**Information shown**
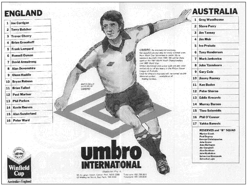 Here’s the centre pages of the Australia v England programme on Sydney Cricket Ground on 31st May 1980. Although a friendly in all but name, at the time the match formed a fixture in the Winfield Cup, a competition to celebrate the centenary of soccer in Australia:
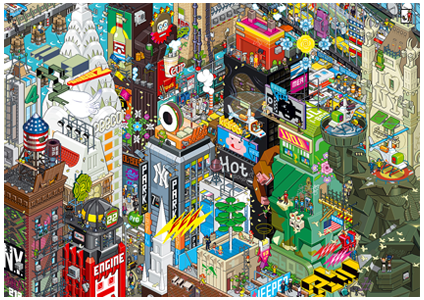 Este es una propuesta bastante sencilla a partir de una imagen extraida de Devianart y cuyo es autor Docdoom, hay que buscar a la mujer que aparece a continuación. La imagen, en formato pdf, se pueden imprimir para poner en la clase y también la dejo digitalizada para poder ver desde el ordenador.
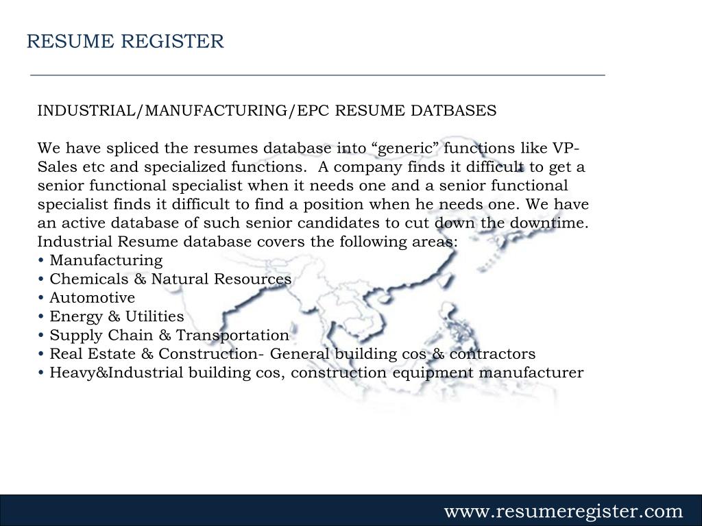 RESUME REGISTER INDUSTRIAL/MANUFACTURING/EPC RESUME DATBASES We have spliced the resumes database into “generic” functions like VP-Sales etc and specialized functions. A company finds it difficult to get a senior functional specialist when it needs one and a senior functional specialist finds it difficult to find a position when he needs one. We have an active database of such senior candidates to cut down the downtime. Industrial Resume database covers the following areas: Manufacturing Chemicals & Natural Resources Automotive Energy & Utilities Supply Chain & Transportation Real Estate & Construction- General building cos & contractors Heavy&Industrial building cos, construction equipment manufacturer www.resumeregister.com
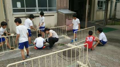 6校時に委員会活動がありました。夏休み明けはじめての活動です。美化委員会では,みんなで協力して車止めのペンキ塗りをしました。どの車止めもとてもきれいに仕上がりました。
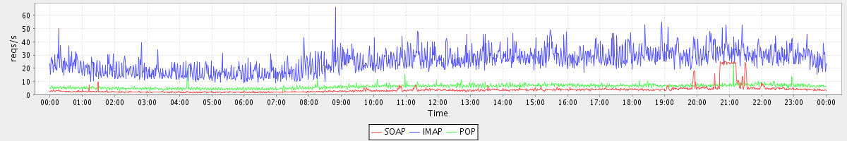 Host zm09.stanford.edu: Mailboxd: Request Rate by Client Protocol
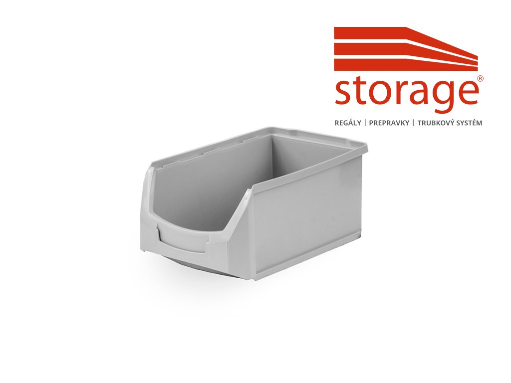 Šedá skosená prepravka 35 × 21 × 15 cm z PP plastu s objemom 7 l a nosnosťou 10 kg je určená na praktické uloženie väčších dielov, súčiastok a spojovacieho materiálu. Pevná a odolná konštrukcia zaručuje dlhú životnosť pri použití v skladoch, výrobných halách aj dielňach.

**Required action**
Print exactly the lines from the first line of the records above through the line containing "Este es una", both included, and leave the pictures out.

**Answer section**
 Here’s the centre pages of the Australia v England programme on Sydney Cricket Ground on 31st May 1980. Although a friendly in all but name, at the time the match formed a fixture in the Winfield Cup, a competition to celebrate the centenary of soccer in Australia:
 Este es una propuesta bastante sencilla a partir de una imagen extraida de Devianart y cuyo es autor Docdoom, hay que buscar a la mujer que aparece a continuación. La imagen, en formato pdf, se pueden imprimir para poner en la clase y también la dejo digitalizada para poder ver desde el ordenador.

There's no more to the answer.